Description of the task:
An exact copy of the lines from the start of the material below through the line containing "luxurious and romantic." is the required answer, and it includes no pictures.

Data segment:
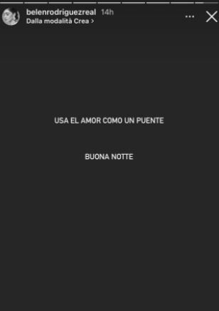 Ad avvalorare l’ipotesi di una crisi tra Belen e Antonino ci ha pensato una Instagram Stories postata dalla modella argentina sul suo profilo personale. “Usa el amor come un punte“, ha scritto lei, che tradotto vuol dire:
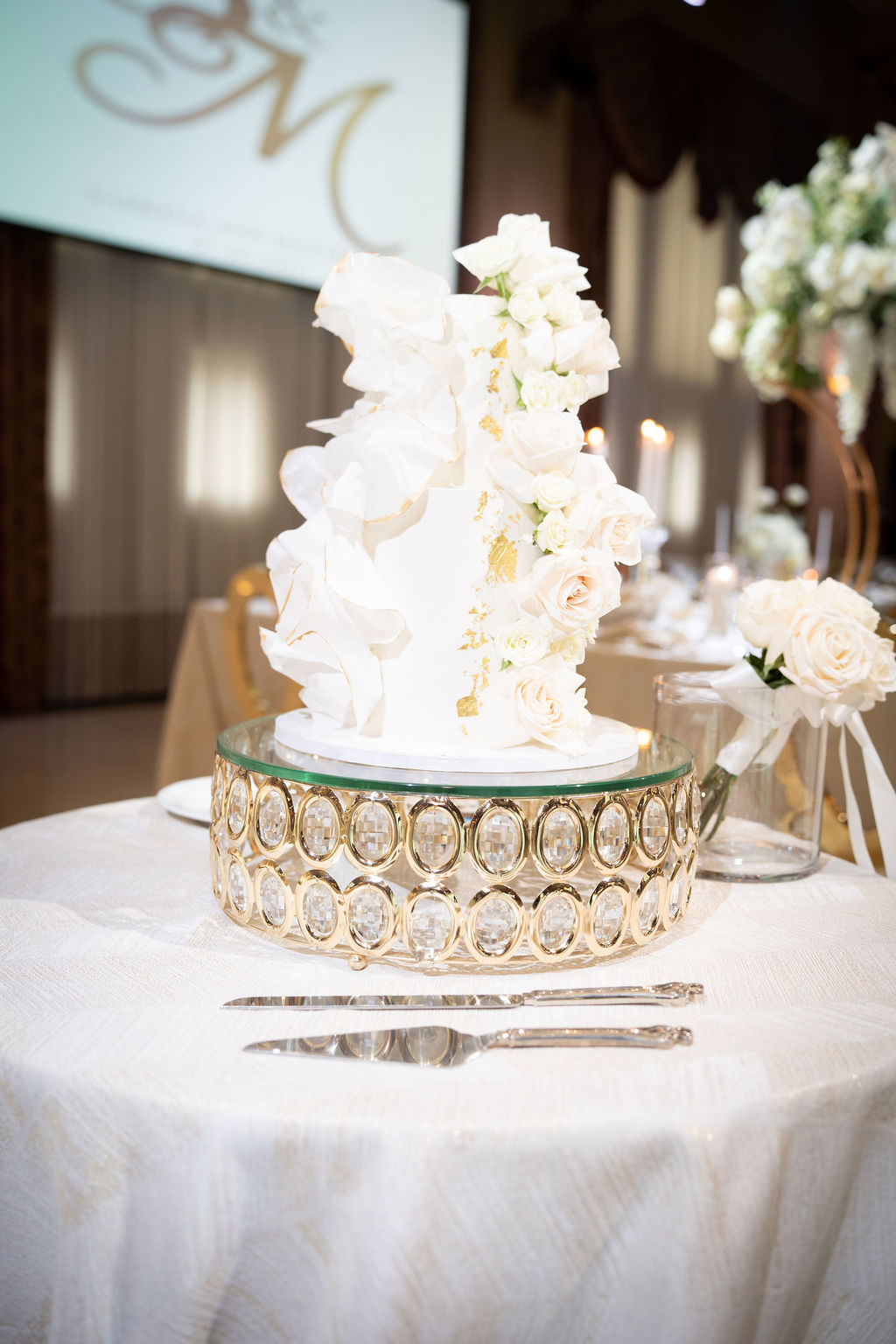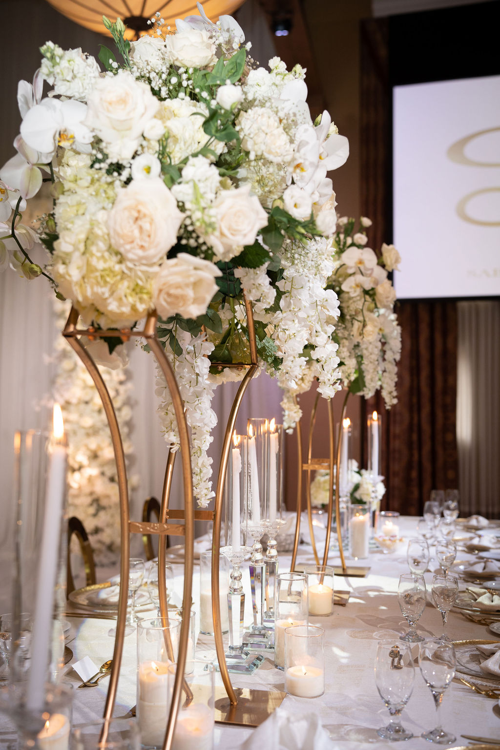 “We wanted our wedding to feel like a modern fairytale, clean whites, cascading florals, candlelight, and soft gold accents to create a look that was both luxurious and romantic.
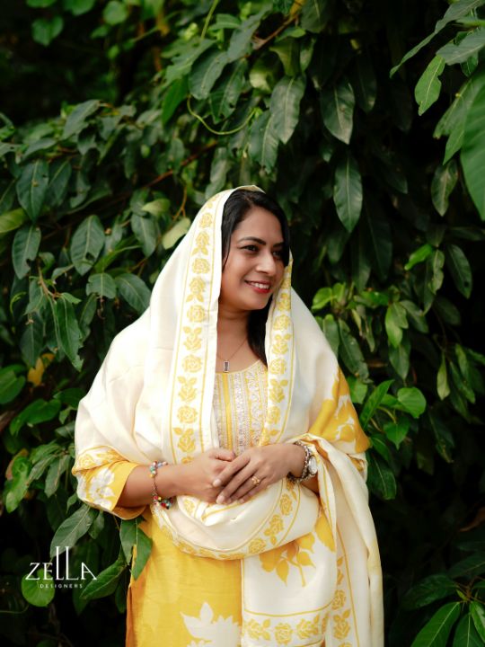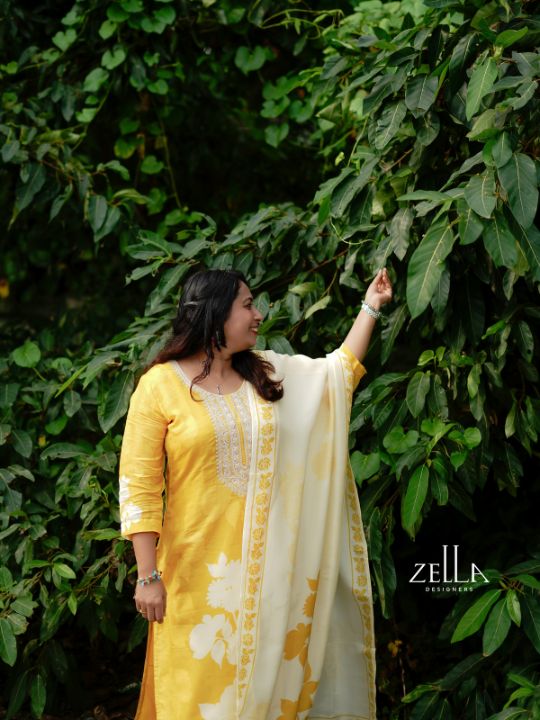 This women’s yellow salwar suit set brings together brightness and grace in a soft, comfortable silhouette. The kurta features delicate printed detailing at the neckline and floral accents on the sleeves and hem, adding a refined yet uplifting touch. Paired with an off-white dupatta featuring matching floral motifs, the set radiates harmony and freshness. The 3/4th sleeves and fluid drape offer ease of movement and a flattering fit. With its cheerful palette and elegant finish, this ensemble adds light, style, and effortless charm to your ethnic wardrobe.

Written reply:
 Ad avvalorare l’ipotesi di una crisi tra Belen e Antonino ci ha pensato una Instagram Stories postata dalla modella argentina sul suo profilo personale. “Usa el amor come un punte“, ha scritto lei, che tradotto vuol dire:
 “We wanted our wedding to feel like a modern fairytale, clean whites, cascading florals, candlelight, and soft gold accents to create a look that was both luxurious and romantic.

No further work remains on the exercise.